Superficial reasons that I too share
@ I want to shock the disbelievers and the haters who made me upset with their snide remarks and backstabbing. I want them to eat their own words and be jealous of how HOT I LOOK.
Hmmm...health first and foremost, and I include mental as well as physical health.
Family...the two young, active boys need a mother who can move a little better/faster than I can for longer periods.
And pure selfishness. It is a way that I can legitimately, without guilt and with satisfaction, spend time on myself every single day.
This is kind of an aside, I guess... I was really shocked not long ago when I looked in the mirror and realized that I *don't* look in the mirror beyond making sure that my hair is neat and I don't have any dirt smudges on my nose. My clothes are the last to be washed, my room the one that gets cleaned least, etc. I realized that I couldn't squeeze ANY time in to go to a gym - they are closed in the hours early enough for me to attend and I have homework/chores/dinner etc every school night. Middle age hit me right between the eyes that day.
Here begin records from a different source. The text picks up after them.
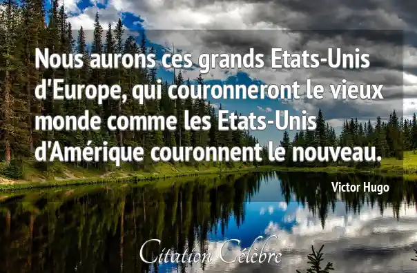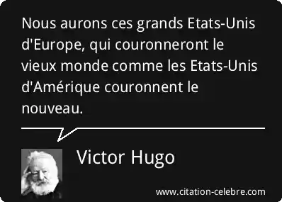 Nous aurons ces grands Etats-Unis d'Europe, qui couronneront le vieux monde comme les Etats-Unis d'Amérique couronnent le nouveau.
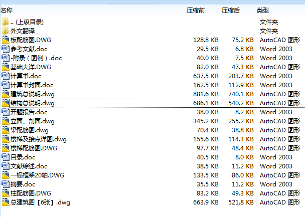 本次设计共完成建筑图纸9张,结构图纸7张,计算书73页。
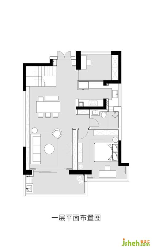 楼梯处改变了原本的朝向,让整体动线变得更加清晰合理。
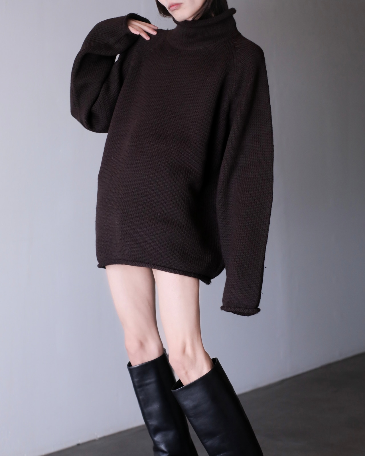 その高めのネックからくるんとロールするネックが本当に可愛いです。ネックだけでなく此方は袖口や裾もロールしていてもう完璧です。。。
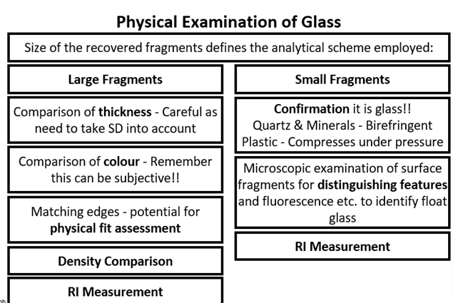 - SEM-EDX good, but micro XRF (uXRF) preferred for glass.
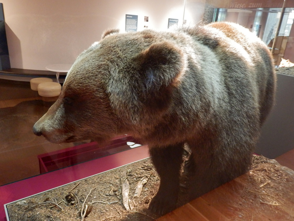 州都のクールにある州立自然博物館には、JJ3の剥製が展示されている。ここを訪れる子供たちは、自宅の近くでもときどき見られるイエネズミやハリネズミなどと一緒に、アイベックスや鹿、それにJJ3の剥製も見て回る。ここに人間の都合で射殺された熊を展示する事には大きな意義があると思う。単に「これが熊か」「これが鹿なんだね」という知識を得るためだけでなく、どうやって野生動物と同じ地域を住み分けていくのかを意識して話し合う事が重要だ。これ以上、人間の都合で野生動物の命を失わないで済むようにと、剥製になってしまったJJ3を見ながら願った。

Sadly, what motivates me most is also what makes be backslide. I need to be here for my children. I'm a stay-at-home mom to 3, and the oldest has Asperger's Syndrome (high-functioning autism for those who don't know what it is). I can't die - I have to be here for him. I am the constant in his life that he needs right now. Without me, he may never recover. But he is also one of the triggers that makes me overeat. Every time he has a bad day at school, or I get depressed, stressed out or hopeless - I reach for food. My elliptical is on it's way now - hopefully I'll be able to change my behavior so that I will exercise when stressed.
Health. My mother has fibro, spinal stenosis, arthritis in her hips, etc. HER mother has horrible arthritis. On my dad's side, heart disease is rampant and my Dad died at 57 (I was 22) from lung cancer.
We have 4 children and I want grand kids! I want to be able to run around with them and KEEP UP!
Since quitting smoking in 2005, I have run a 5k, 10k and a Half Marathon. Next on the list is a full Marathon, then a Triathlon before I turn 40.
I DON'T want to have weight related ailments in my joints. I want to have glowing skin and shiny hair in my 70's. I want to live to be 100!!
my motivation is to be healthy. i hesitated to put a goal weight in here because i don't rely on the numbers.. for me its more of a feeling. i want to be able to get clothing in normal sizes. i want to make the changes to *NOT* become diabetic as i age as well as reduce the weight factor for HBP, stroke, and other heart related maladies. i've also seen my mother struggle with her weight in all my living years and i just don't want that life for me.
This is also my primary motivation. I want to be healthy now as well as long-term. Of course, the idea of showing up at an event with friends and having them rave about how great I look adds a little extra boost as well.